Band was no doubt aware of this when he mounted an ambitious little project entitled PULSE POUNDERS in 1987. The concept behind this anthology was to provide half hour mini-sequels to a couple of popular Empire productions – THE DUNGEONMASTER (1984) and TRANCERS (1985) – and fill the third slot with another Lovecraft adaptation. With Gordon tied up filming ROBOT JOX (1989), Band took directorial control but planned a full RE-ANIMATOR reunion as he brought back Jeffrey Combs, Barbara Crampton, and David Gale for an adaptation of Lovecraft’s short story “The Evil Clergyman.” Also back was screenwriter Dennis Paoli, who put the kink in the earlier adaptations and continued that path here.

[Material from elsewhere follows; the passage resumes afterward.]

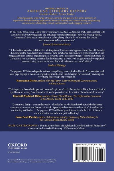 1776 symbolizes a moment, both historical and mythic, of democracy in action. That year witnessed the release of a document, which Edward Bernays, the so-called father of public relations and spin, would later label as a masterstroke of propaganda. Although the Declaration of Independence relies heavily on the empiricism of self-evident truths, Bernays, who had authored the influential manifesto Propaganda in 1928, suggested that what made this iconic document so effective was not its sober rationalism but its inspiring message that ensured its dissemination throughout the American colonies. Propaganda 1776 reframes the culture of the U.S. Revolution and early Republic, revealing it to be rooted in a vast network of propaganda. Drawing on a wide-range of resources, Russ Castronovo considers how the dispersal and circulation--indeed, the propagation--of information and opinion across the various media of the eighteenth century helped speed the flow of revolution. This book challenges conventional wisdom about propaganda as manipulation or lies by examining how popular consent and public opinion in early America relied on the spirited dissemination of rumor, forgery, and invective. While declarations about self-evident truths were important to liberty, the path toward American independence required above all else the spread of unreliable intelligence that travelled at such a pace that it could be neither confirmed nor refuted. By tracking the movements of stolen documents and leaked confidential letters, this book argues that media dissemination created a vital but seldom acknowledged connection between propaganda and democracy. The spread of revolutionary material in the form of newspapers, pamphlets, broadsides, letters, songs, and poems across British North America created multiple networks that spawned new and often radical ideas about political communication. Communication itself became revolutionary in ways that revealed circulation to be propaganda's most vital content. By examining the kinetic aspects of print culture, Propaganda 1776 shows how the mobility of letters, pamphlets, and other texts amounts to political activity par excellence. With original examinations of Ben Franklin, Mercy Otis Warren, Tom Paine, and Philip Freneau, among a crowd of other notorious propagandists, this book examines how colonial men and women popularized and spread the patriot cause across America.

Selecting “The Evil Clergyman” to adapt is an odd choice because it is only a four-page story. In fact, it isn’t really a story but a portion of a letter Lovecraft sent to a friend describing a dream he had and it was published posthumously in 1939. Damn, this means when Stephen King dies we’ll get adaptations of his emails and Entertainment Weekly articles. The plot involves a man spending a night in a room and seeing the past as a former priest burns some mysterious religious texts and then commits suicide by hanging. After witnessing this ordeal, the protagonist looks into a mirror and realizes he is now the priest and his body has been overtaken.

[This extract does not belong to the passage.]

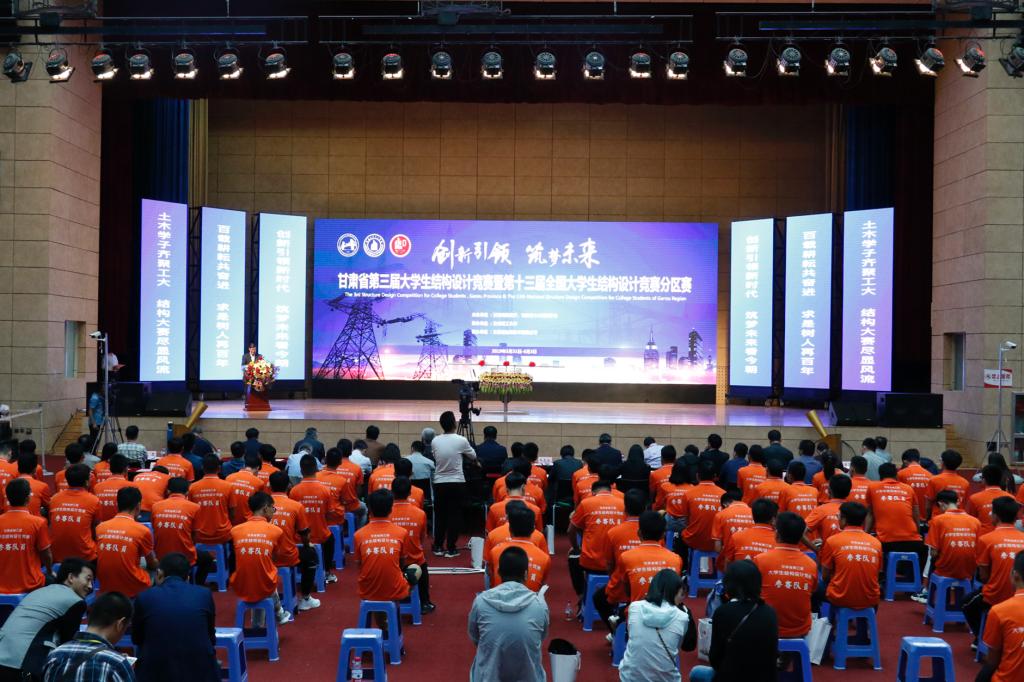 初夏金城结构竞赛聚各路英才,百年工大红柳披绣展工科底蕴。5月31日下午,由甘肃省教育厅和甘肃省土木建筑学会主办,兰州理工大学承办的甘肃省第三届大学生结构设计竞赛暨第十三届全国大学生结构设计竞赛分区赛在兰州理工大学兰工坪校区体育馆隆重开幕。甘肃省教育厅高教处张晓东处长,兰州理工大学副校长韦尧兵教授,甘肃省土木建筑学会理事长任春峰教授级高级工程师,甘肃省大学生结构设计竞赛委员会秘书长虞庐松教授、副秘书长蔺鹏臻教授,兰州大学土木工程与力学学院院长黄宁教授,西北民族大学土木工程学院院长曹万智教授,兰州理工大学教务处处长韩建平教授,兰州理工大学创新创业学院副院长冯辉霞教授,竞赛组委会成员以及包括兰州大学、兰州交通大学等省内设置土木工程专业的12所本科高校及设置建筑工程技术等土木相关专业的8所高职高专院校共计34支队伍,近300名师生参加开幕式。

This adaptation opens with a woman named Said Brady (Barbara Crampton) arriving at a castle to visit the room of her former lover. The landlady isn’t too welcoming, but lets her into the room. But not before accusing Said of having an “unhealthy obsession with sex and death” and saying she was once more beautiful than her. Damn, Gramma, put away them claws. Anyway, our female lead gets into the room and is quickly visited by the spirit of Jonathan (Jeffrey Combs), a former priest who greets her with a ghostly goosing. She tells him that she has come to “make peace with your memory” and apparently that can only be done by getting it on. Jonathan proves he was quite the lothario by getting her into bed and stating, “Your body is my religion.” Man, I am totally going to use that line.
Unbeknownst to Miss Brady, crawling around on the floor is a rat-man creature (David Gale). Post-close encounter of the coital kind, she wakes up in bed with Jonathan missing and this tiny beast licking her. Uh, gross. She is then greeted by a ghost of a clergyman (David Warner), who informs her of the perverse and deadly past of her lover. In fact, he was one of his victims and shows this off by exposing the bashed in left side of his face. He tells her that the rat-man is Jonathan’s animal familiar and that “he only wants your soul.” Ladies, you thought your old boyfriend destroying your credit rating was bad? Brady then has her second encounter with Jonathan and he proves how well hung he is…and not in the way you think, pervs! He admits he committed suicide and then does the act again, hanging himself in center of the room from a ceiling beam. He’s still alive though and asks her to kiss him. When she says she can’t reach him, he slyly says, “Kiss me like you used to.” Damn, brother be smooth. This gives us an implied hanging blowjob that you know Lovecraft always wanted in his work. The clergyman reappears to stop her, but she bashes his head in and then proceeds to hang herself. Her death complete, Jonathan begs his familiar to have her body and it is granted. The short ends with Miss Brady walking out of the room with Jonathan’s soul now nestled safely inside. Damn, he is totally a freak.